Manchester Jewish Museum occupies the former Spanish and Portuguese synagogue and an adjacent building on Cheetham Hill Road in Manchester, England. It is a grade II* listed building.

The synagogue was completed in 1874 but the building became redundant through the migration of the Jewish population away from the Cheetham area further north to Prestwich and Whitefield. It re-opened as a museum in March 1984 telling the story of the history of Jewish settlement in Manchester and its community over the last 200 years.

The museum reopened on 2 July 2021 following a £6 million pound redevelopment and extension. The new museum includes a new gallery, vegetarian café, shop and learning studio and kitchen as well as complete restoration of the Spanish and Portuguese synagogue.

Following completion of the renovation works, Manchester Jewish Museum won two awards at the annual British Construction Industry Awards (Cultural and Leisure Project of the Year and Best Small Project of the Year) alongside architects Citizens Design Bureau and structural engineers Buro Happold.
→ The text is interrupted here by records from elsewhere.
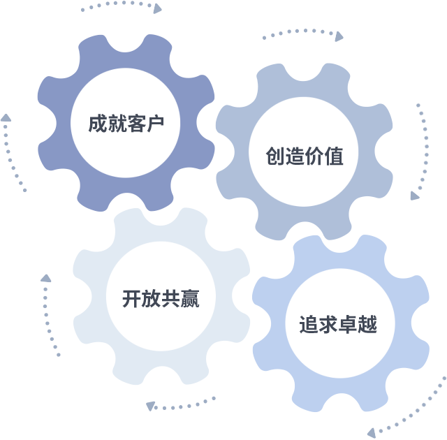 成就客户是一切决策的出发点,,,,创造价值是衡量所有工作的标准,,,追求卓越是我们做事做人的态度,,,开放共赢是我们的格局也是最终的结果。。价值观的齿轮环环相扣,,,,推动着组织里的每个人不断向前。。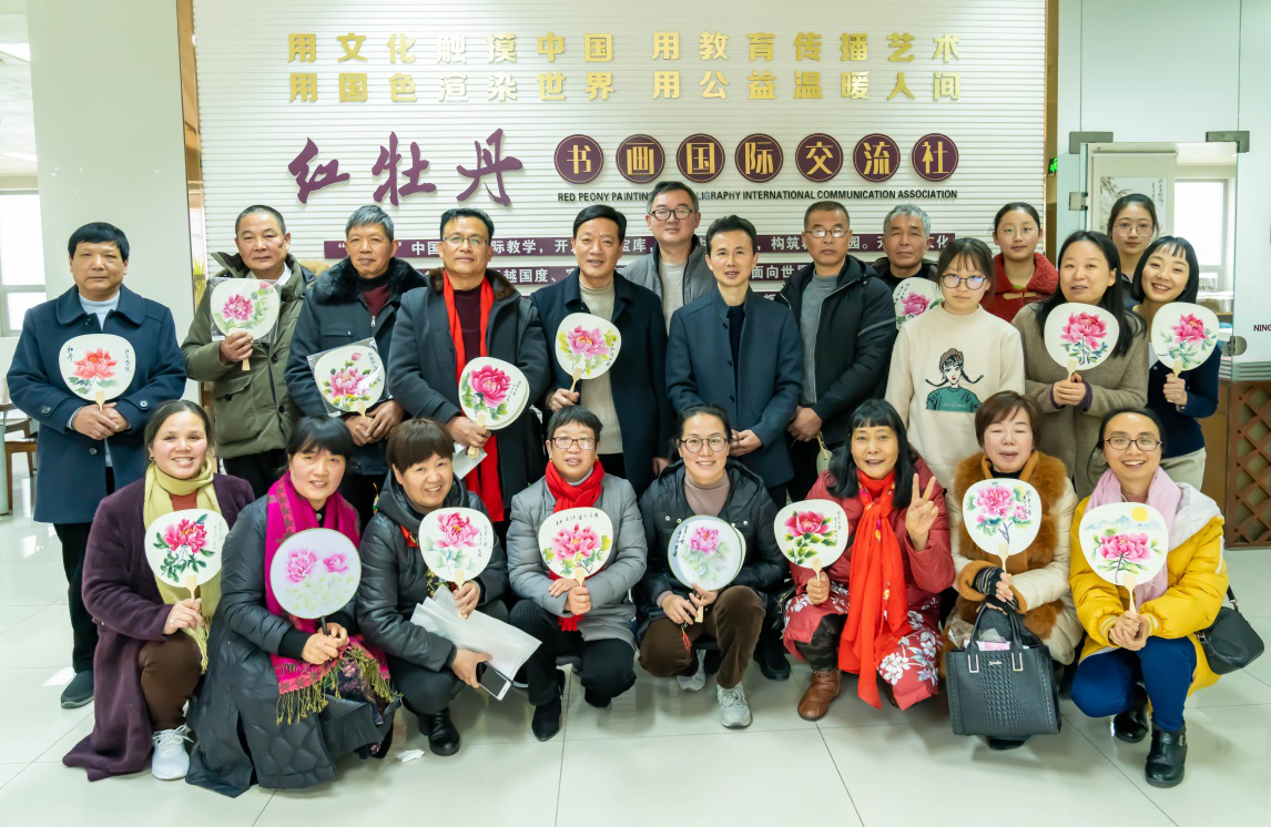 大家埋头作画,反复临摹,直到画得有模有样,得到姜院长的认可,才拿出团扇郑重地画下一片片娇嫩的牡丹花瓣。不知不觉间已近十一点了,学员们都陆续完成了画作,团扇上的牡丹或含苞待放,或纵情怒放,一时间教室似乎变成了牡丹花园,似有幽香扑面而来。学员们拿着团扇合影留念,脸上洋溢着幸福的笑容。大家纷纷表示,回去后要多多练习,有机会还想来牡丹学院切磋学习。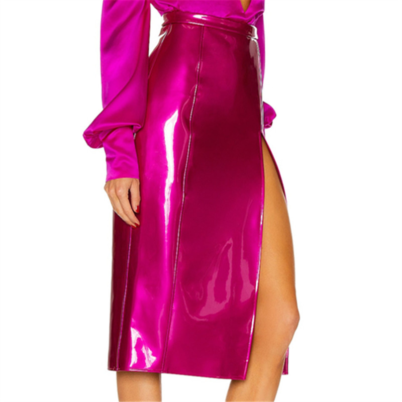 | Product Name | high split women waterproof fashion vinyl metallic street plain zipper back skirt club office wear |

The museum holds over 31,000 items in its collection, documenting the story of Jewish migration and settlement in Manchester. The collection is considered by historians to be of national and international significance and our synagogue has been described by Historic England as “one of the highlights of Victorian Gothic architecture in the country”. It includes Over 530 oral history testimonies, over 20,000 photographs, 138 recorded interviews with Holocaust Survivors and refugees and a wide-ranging collection of objects, documents and ephemera.

Moorish revival building

The synagogue was built in the Moorish Revival style by the noted Manchester architect Edward Salomons in 1874.  Although it is far from being the largest or most magnificent of the world's many Moorish revival synagogues, which include the opulent Princes Road Synagogue in Liverpool, it is considered by architectural historian H.A. Meeks to be a "jewel".  The style, a homage to the architecture of Moorish Spain, perhaps seemed particularly fitting for the home of a Sephardic congregation.  The two tiers of horseshoe windows on the facade are emblematic of the style, and the recessed doorway and arcade of five windows on the floor above the entrance are particularly decorative.  Inside, a horseshoe arch frames the heichal and polychrome columns support the galleries.  The mashrabiyya latticework on the front doors is particularly fine.

See also

Grade II* listed buildings in Greater Manchester
Listed buildings in Manchester-M8

References
Footnotes

Bibliography

External links
Official website
Spanish & Portuguese Synagogue on Jewish Communities and Records - UK (hosted by jewishgen.org).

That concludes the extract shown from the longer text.